Après le départ d’Hector, la reine alla, comme elle avait promis, tenter de réconforter la nièce de Groadain, qui, dès qu’elle fut arrivée, lui dit froidement : « Madame, puisse Dieu vous donner de votre ami la même joie que me donne celui que vous avez fait partir ! » Ces paroles firent tressaillir la reine qui ne devait pas tarder à les voir justifiées.

Comme la dame de Roestoc faisait ses préparatifs de départ, un valet était arrivé, portant un écu rompu, traversé de pointes de lances et de tranchants d’épée. L’écu était d’or au lion de sinople. Il demanda à voir la reine et la dame de Roestoc : « Madame, dit-il à la reine, je vous apporte bonnes nouvelles de monseigneur Gauvain ; il est sain et joyeux. » Avant de le laisser continuer, la reine touche à l’écu, le baise et le rebaise comme elle eût fait de monseigneur Gauvain lui-même s’il eût été là. Le valet se tournant ensuite vers la dame de Roestoc : « Dame, dit-il, monseigneur Helain de Taningue vous salue et vous mande qu’il est enfin chevalier comme vous le désiriez. — Qui l’a armé ? demande la dame. — Monseigneur Gauvain, après avoir combattu Segurade. » À peine la dame eut-elle la force d’écouter le valet, quand il raconta comment messire Gauvain avait échangé ses armes contre celles d’Helain de Taningue, et comment la sœur d’Helain avait su le guérir de ses plaies. La dame eût bien voulu retenir l’écu, mais le valet dit qu’il avait fait serment de le rapporter à son maître et elle n’osa pas insister.
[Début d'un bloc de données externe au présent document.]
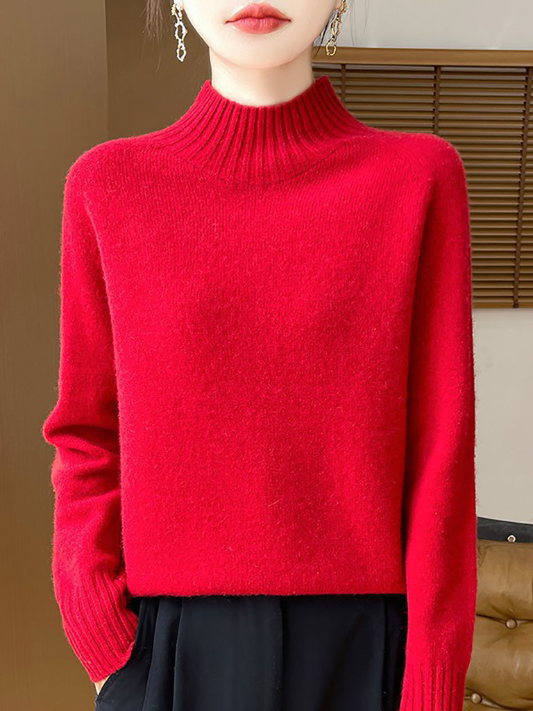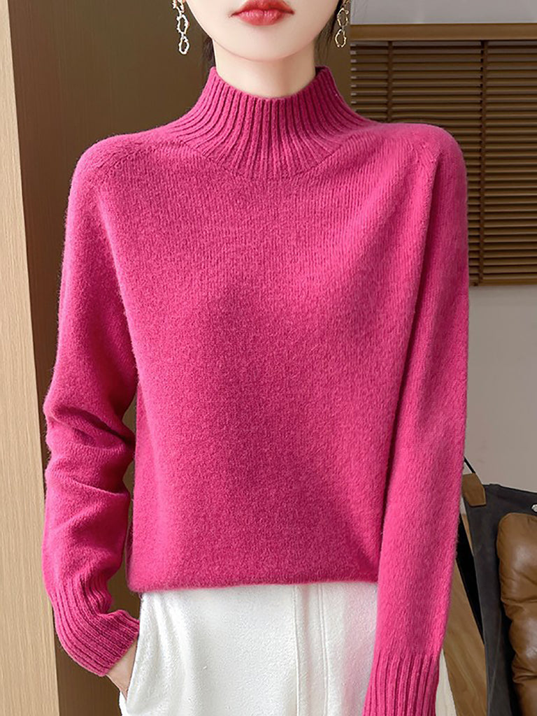Kvinder Efterårskunstnerisk Ren Farve Halv Rullekravetrøje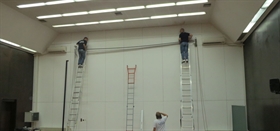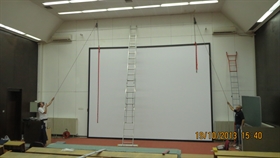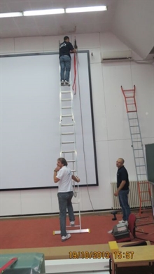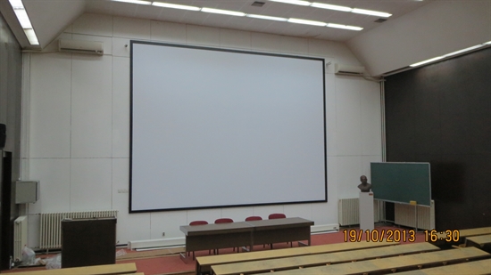 Na zahtev klijenta u amfitetru fakulteta je uz mnogo napora demontirana velika šina sa plafona i instalirano moderno motorizovano projekciono platno veličine 6x4m i postavljen projektor.

Quand elle partit de la cour avec le valet, elle fit si bien que par surprise elle s’empara de cet écu, le même qu’elle avait présenté à messire Gauvain et que celui-ci avait donné à Helain de Taningue. De là des haines et des entreprises dont nous aurons peut-être à parler ailleurs.

En même temps que le valet d’Helain, arrivait à la cour une demoiselle portant un écu suspendu à son cou. Elle dit à la reine : « Madame, la plus sage demoiselle qui vive vous mande salut, et vous fait cet envoi ; elle connaît le secret de toutes vos pensées, et vous avertit de garder cet écu pour guérir la plus grande douleur que vous ayez eue jusqu’à présent. — Voilà, répond la reine, de bonnes raisons de le conserver ; bonne aventure à qui l’envoie ! mais ne pourrai-je savoir quelle est cette sage demoiselle ? — Madame, elle se nomme la Dame du lac. » La reine savait déjà combien elle devait à sa protection : elle embrasse la messagère, lui ôte de ses propres mains l’écu qu’elle regarde avec une inquiète attention. Il était fendu de la pointe au chef, la boucle seule en retenait les deux parties, entre lesquelles on pouvait aisément passer la main. Sur l’une était figuré un chevalier armé, sauf la tête ; sur l’autre, une dame qu’on eût crue vivante, tant elle était bien peinte, approchait son visage de l’autre visage, et leurs joues se seraient touchées sans la fente qui les éloignait l’une de l’autre.

« Il n’y aurait qu’à louer dans cet écu, dit la reine, si les deux tranches n’en étaient pas séparées ; et cependant, il paraît avoir été fait nouvellement. Veuillez nous dire, demoiselle, la raison de cette brisure[3], et quel est ce chevalier, quelle est cette dame. — Quant au chevalier, répond la pucelle, c’est assurément le meilleur du siècle ; il a dû l’amour de sa dame à d’incomparables prouesses. Jusqu’à présent, il n’y a rien eu entre eux au-delà du baiser et de l’accoler : mais sachez que les deux parties de l’écu se rejoindront, quand les deux amants auront eu complète et parfaite possession l’un de l’autre. Alors la dame sera remise du plus violent chagrin qu’elle aura ressenti. »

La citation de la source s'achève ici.